All immobilization methods are equally effective, the main thing is to act according to the instructions. It is very important not to frighten prematurely a lamb, because in that case it will not be easy to kill him: he will resist and can cause injury to a person.
Killing and bleeding
Slaughter and butcher the ram, as claimed specialists should be with responsible with certain rules GOST (butchering sheep and goat meat in the cuts). There are many video tutorials about performing bleeding and the actions that take place after it.The slaughter of a sheep or ram has the following features:
- The suitable age for slaughter is 7-14 months (how many months will be left for the animal before slaughter depends on the rate of weight gain). The ram is growing fast. In addition, some breeds are classified as fast-growing. So, a Gorky sheep by the age of 8 months weighs more than other cattle in its average developmental condition.
- The animal is slaughtered in a specially equipped place with hooks for hanging carcasses or a special drain for blood.
- For bleeding, you need to make an incision with a knife in the region of the cervical vessels. After it is placed on a clean floor sideways or suspended in a designated place. The right procedure for bleeding is the key to the quality of cutting a sheep.
If the household does not have a designated room, you can cut a sheep, as experts say, on the street. But for this, care should be taken to design a special frame with hooks on which all operations can be carried out. In addition, if the supports of this design are dug into the ground and concreted, the cutting of the ram parts will be convenient.
We must not forget which tool will be used to cut the lamb carcass. It is worth choosing several large sharp knives, used both for cutting the carcass into parts, and for skinning. If such a knife does not cut, you can also use a hammer. You also need to prepare containers for drained blood, organs and individual parts of meat products.This will leave them clean, not susceptible to infection by harmful bacteria. After preparation, the animal is cut. All that remains is to start cutting up.

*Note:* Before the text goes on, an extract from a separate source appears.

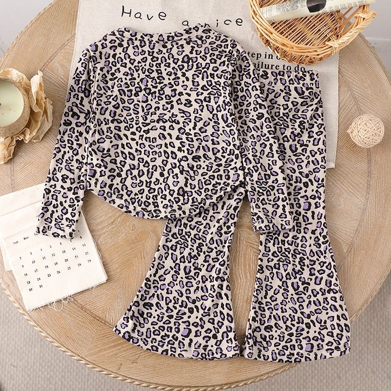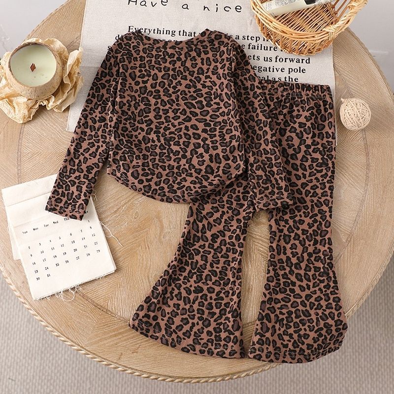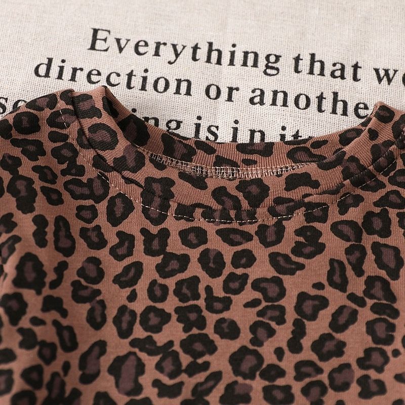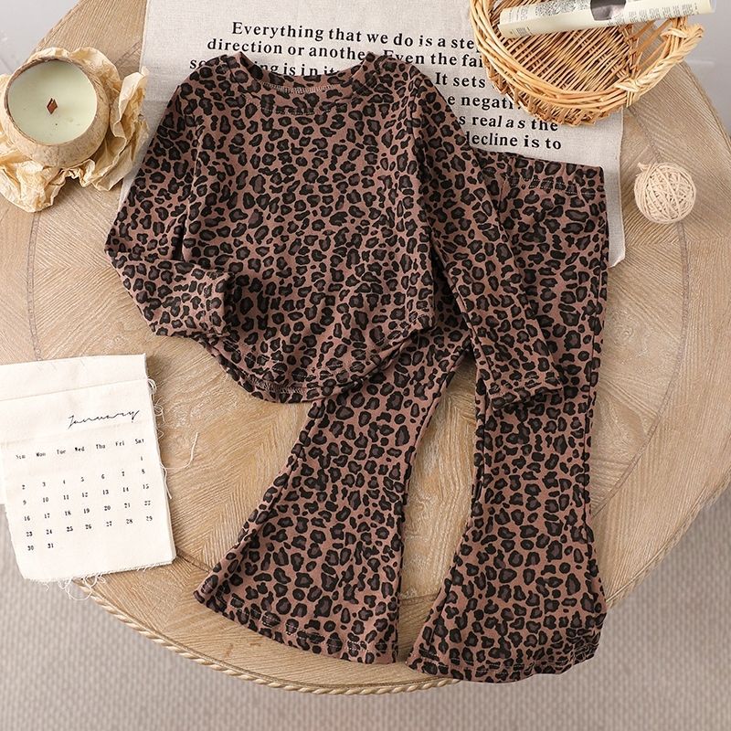 봄과 가을 소녀 세트 아기의 서양식 어린이 성격 트렌디 인터넷 인기 레오파드 무늬 불규칙한 티셔츠 바지 바지스토어 가기

How to properly cut a lamb carcass?
You can find out how to properly cut a lamb carcass after bleeding into separate parts in special regulatory documents (GOST). The answer to the question of how to undress a ram for culinary needs correctly consists of several points:
- A bloodless sheep or a ram is laid on a horizontal surface (a floor covered with oilcloth or a table).

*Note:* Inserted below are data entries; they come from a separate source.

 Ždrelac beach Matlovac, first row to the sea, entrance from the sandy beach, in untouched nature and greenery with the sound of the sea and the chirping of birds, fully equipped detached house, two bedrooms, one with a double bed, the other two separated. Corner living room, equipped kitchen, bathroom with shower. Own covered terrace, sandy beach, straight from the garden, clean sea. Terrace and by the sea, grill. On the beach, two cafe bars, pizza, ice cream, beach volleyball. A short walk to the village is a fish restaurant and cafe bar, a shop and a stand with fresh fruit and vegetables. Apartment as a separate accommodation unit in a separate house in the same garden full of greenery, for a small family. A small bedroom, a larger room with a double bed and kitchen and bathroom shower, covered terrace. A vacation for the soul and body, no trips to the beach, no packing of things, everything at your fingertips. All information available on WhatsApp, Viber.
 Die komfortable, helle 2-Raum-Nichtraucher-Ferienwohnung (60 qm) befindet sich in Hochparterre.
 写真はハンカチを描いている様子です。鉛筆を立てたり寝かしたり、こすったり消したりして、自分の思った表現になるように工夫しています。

- knife and separate the animal’s head.
- The ram’s front legs break at the level of the hooves and cut the skin to the inguinal region with a longitudinal incision. After, the skin is separated so that it remains only on the back.

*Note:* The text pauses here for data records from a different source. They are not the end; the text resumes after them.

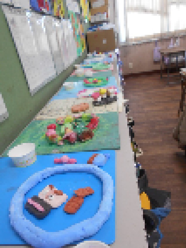 各教室に、図画工作科のかわいらしい作品(製作中)も思わず見入ってしまいました。学習参観が楽しみですね!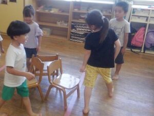 - いす取りゲームを楽しんでいます♪「音楽いつとまるかな?」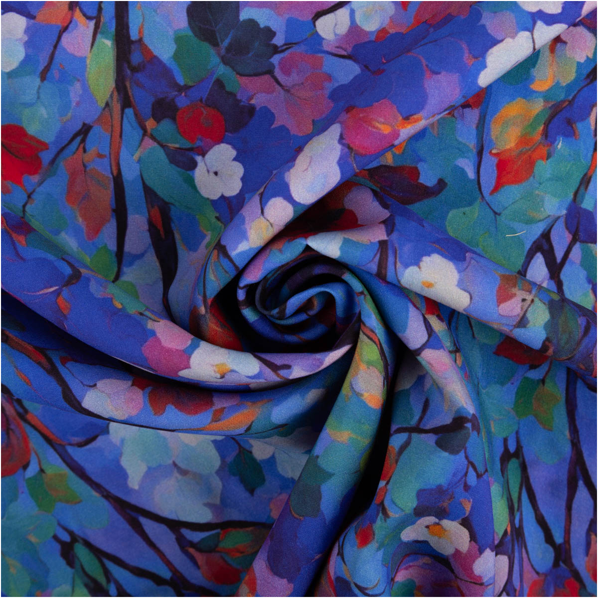 Viskose Stoff Radiance Aquarell Blumen und Blätter blau rot rosa 1,40m Breite

- The carcass is hung by its hind legs, after which it is necessary to tear the abdominal cavity and cut out the stomach and intestines. Next in line are the liver, lungs, kidneys, etc.
After the operations, each cuts the part of the carcass that he needs. Most often, a sheep, loin parts, shoulder blade and legs are separated by a ram.
In production workshops, carcasses are often divided into 2 parts by a longitudinal section. Half carcass is easier to disassemble into separate parts. But there is a drawback: large parts of the products are stored longer.